Contributions to World Civilisation

  • You've probably seen War in the Heavens, Casablanca and Amalia di Castreleon, but you take greater pride in the small independent home-grown films such as Chwerw Melys
  • You an count on excellent and free medical treatment. You know you won't die of cholera or other third world diseases. You think dying at 65 would be a tragedy.
  • You went over Armorican and European history at school, but not much about Asia or the Americas.
  • You expect the navy (the only military in Armorica) to fight wars, not get involved in politics. You used to have conscription, but now it's an all-volunteer force. You have never heard of the names of the heads of the services.
  • You're used to a wide variety of choices for almost anything you buy. Particularly food and drink.
  • There's a 50-50 chance that you're a farmer or a fisherman.
  • The police are armed, but not with submachine guns. You think that firearms should be strictly controlled by the state.
  • The nationality people most often make jokes about are the Dumnonians.
  • If a woman is plumper than the average, it can improve her looks. It depends on the woman.
  • The biggest meal of the day is in the evening.

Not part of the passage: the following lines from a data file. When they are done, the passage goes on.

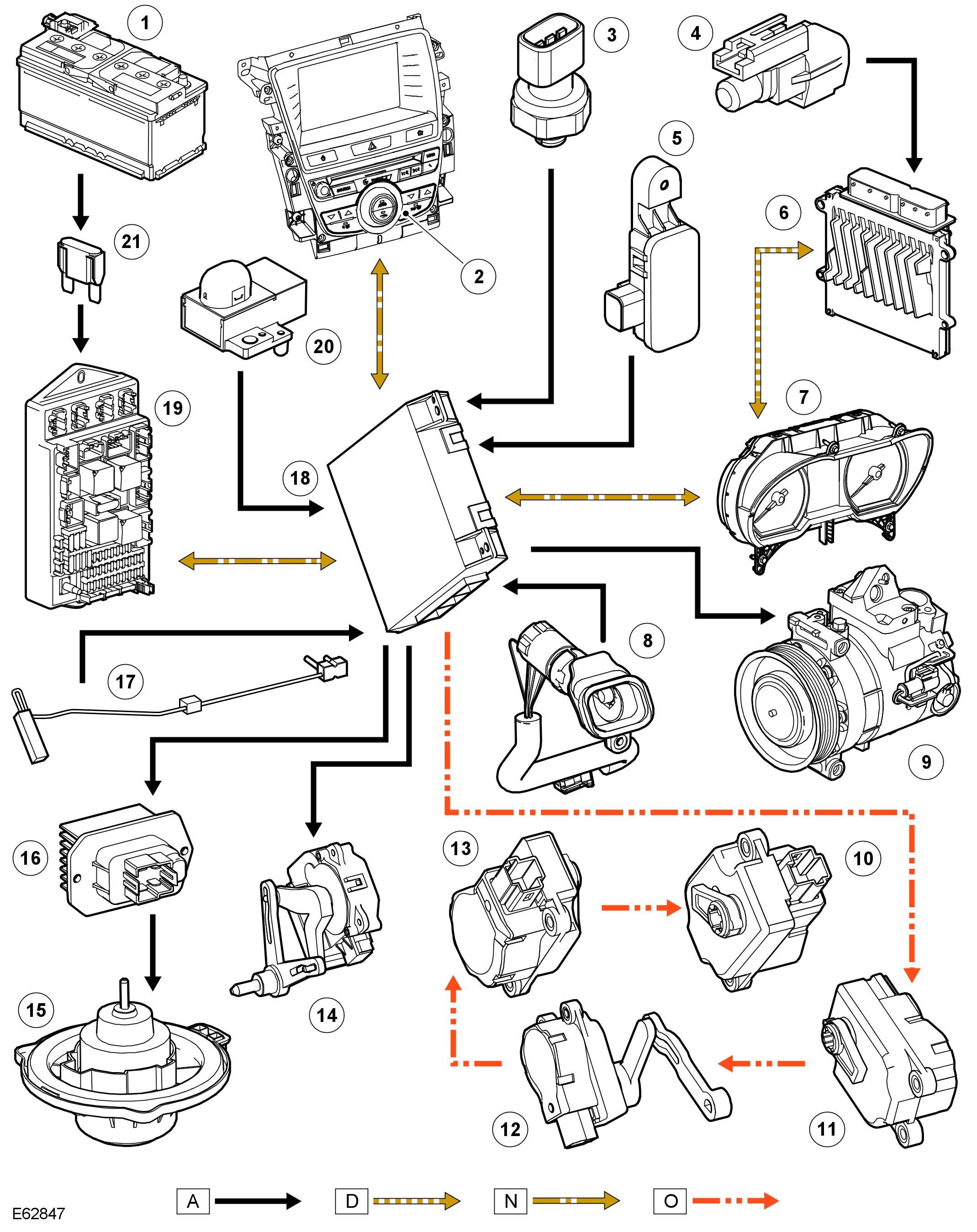 Operation of the blower motor is controlled by the ATC (automatic temperature control) module. The ATC (automatic temperature control) module monitors a feedback voltage from the blower motor control module. In response to the feedback voltage, the ATC (automatic temperature control) module provides a drive signal back to the blower motor control module which is used to regulate the voltage flow across the blower motor and hence regulate blower speed. The blower motor is provided with a battery voltage feed from the blower motor relay, which is located within the auxiliary junction box.
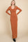Camel Solid Long Sleeve Scoop Neck Maxi Dress
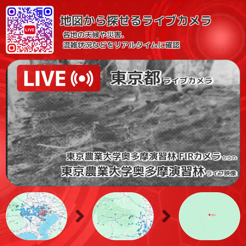 東京農業大学奥多摩演習林の他に、夜間動物観察や周辺の気象状況も併せてチェックすることが可能で、台風・大雨・地震などの災害による被害状況も把握することができます。

Away from the Castle in the Bay

  • You don't think your kind of people are listened to enough in the Senate. You're satisfied with your representation in the local assemblies, though, and you may even attend on a regular basis.
  • You care considerably what family someone comes from. Especially if they want to marry your daughter.
  • The normal thing, when a couple dies, is for their movables to be divided equally between their children and the land to be passed to the eldest child. If the eldest child doesn't want it, it gets passed along until at least one child wants it. Real estate is never divided or sold off.
  • Christmas is in the winter. It's a minor festival celebrated only by Christians. The main festival is the three days of Samonios- that's when you really let your hair down.
  • You've left a message at the beep.
  • Unemployment benefits are yours by right, you've paid for them after all. And of course those who can't support themselves should get welfare.
  • The Cravethist church is still relatively powerful, and the Christian church is not without influence.
  • You think of musical theatre as a populist entertainment and regularly go to see plays and musicals. Opera and ballet, on the other hand, are seen as being rather elitist and weirdly foreign.


Space and Time

  • You value punctuality and refer to those who are late as being on "Kerno time".
  • If you're talking to someone, you get uncomfortable if they move further away than three feet.
  • Showing up unannounced at someone's house is acceptable if you bring food or alcohol (and in former times, fuel for the fire), and people are regularly popping in and out of their neighbours' houses for a chat. But you generally ring first, particularly at dinner time.
  • Men and women will often spend the evening in the tavarn. Drunkenness outside of holiday time is frowned upon, however.
  • When you negotiate, you don't play hardball. You're polite and make allusions to what you want. Approaching something directly is seen as inelegant and rather rude.